Asked why there’s such a drastic reduction in state-funded staff, UConn’s budget office responded in an email that it is the result of state funding cuts.
“The number of [positions funded] is a function of how much UConn receives in the general fund appropriation. Less appropriation, fewer,” full-time staff, the email reads.
Faced with declining enrollment, years of cuts in state funding and a mandatory 5 percent pay raise for unionized staff after an agreement the Malloy administration made with the collective bargaining unit two years ago, the Board of Regents estimates they would need to increase tuition by 12.4 percent to close the deficit.
The regents have decided to close the gap by reducing the number of faculty by continuing the hiring freeze and not filling positions once people retire or quit. Other cuts will also be deployed in an effort to blunt the tuition increase needed.
Holloway said he expects the Finance Committee to approve a 5.1 percent increase for in-state students on March 5, after lingering questions are addressed by the panel. The increase excludes the potential added cost of the fringe benefits.
“You are going to see more cuts … just to make the 5.1 percent work,” Holloway said. “The implications of that in terms of what we are doing to the system year after year after year is a whole other subject matter.”
A handful of students attended Tuesday’s meeting to express their displeasure with what they think is the state’s shortchanging their colleges.
“It’s something that has riled people up,” Chris Marcelli, a senior at Central Connecticut State University, said of the proposed tuition increase. “A lot of people are going to ask, ‘Where am I going to get that money from?'” Students are also organizing to walk out of class and head to the state Capitol the day the regents plan to approve tuition increases.
Marcelli’s friend, also a senior at CCSU, said students are getting the brunt of the state’s fiscal problems.

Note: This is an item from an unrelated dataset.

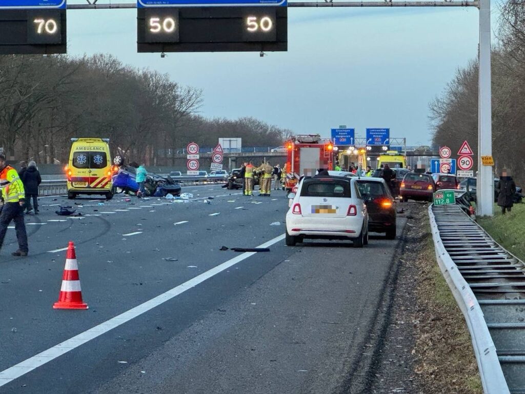 Bij het ongeluk zijn meerdere voertuigen betrokken, waarbij zeker één auto over de kop is geslagen. Hulpdiensten zijn massaal uitgerukt. “De snelweg is richting het Noorden volledig dicht”, laat Rijkswaterstaat weten. “Dit blijft de komende uren voorlopig ook nog zo omdat de politie een onderzoek is gestart naar de toedracht.”

“I have an issue with how this impacts the students,” he said after Tuesday’s meeting, noting the tuition increases in recent years have added to the amount in student loans he will need to repay.

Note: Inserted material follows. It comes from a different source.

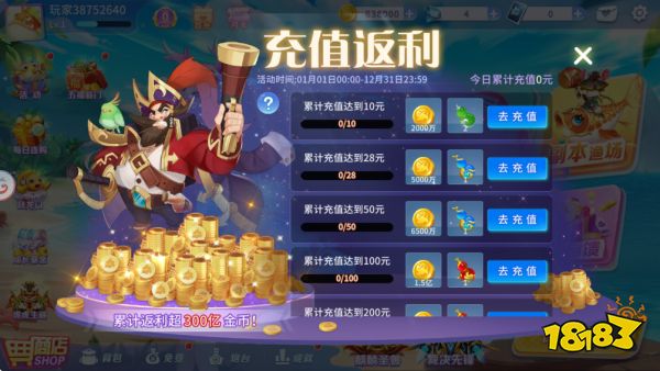 3、充值的同时也能参加充值返利活动,达到了规定的充值金额就能获得相应的金币奖励。

Budget officials at the regents’ office and UConn both report that the governor’s recommended funding does not fully cover the required 5 percent pay increases for unionized employees.
The governor’s budget office “added collective bargaining increases into the appropriation, then cut the appropriation by an amount greater than the pay increase request,” UConn’s budget officials responded in an email.
How UConn plans to makeup for these shortfalls is unclear, as President Susan Herbst has said the state’s flagship system will not turn to further tuition and fee increases. When UConn’s governing board approved a four-year, 24 percent hike in tuition and fees, the intent was to use that money to hire new 290 new full-time teaching faculty.
Tuition and fee proposals the UConn Board of Trustees will consider next week raise the mandatory cost to attend the university by just $10 a year on top of the 6 percent already approved. The proposal also creates a couple of new fees some students will be required to pay, such as a $20 fee for each online course they enroll in.
The governor has recommended a $2.1 billion plan to build new facilities at UConn to drastically increase enrollment, an influx that would bring in major additional tuition dollars.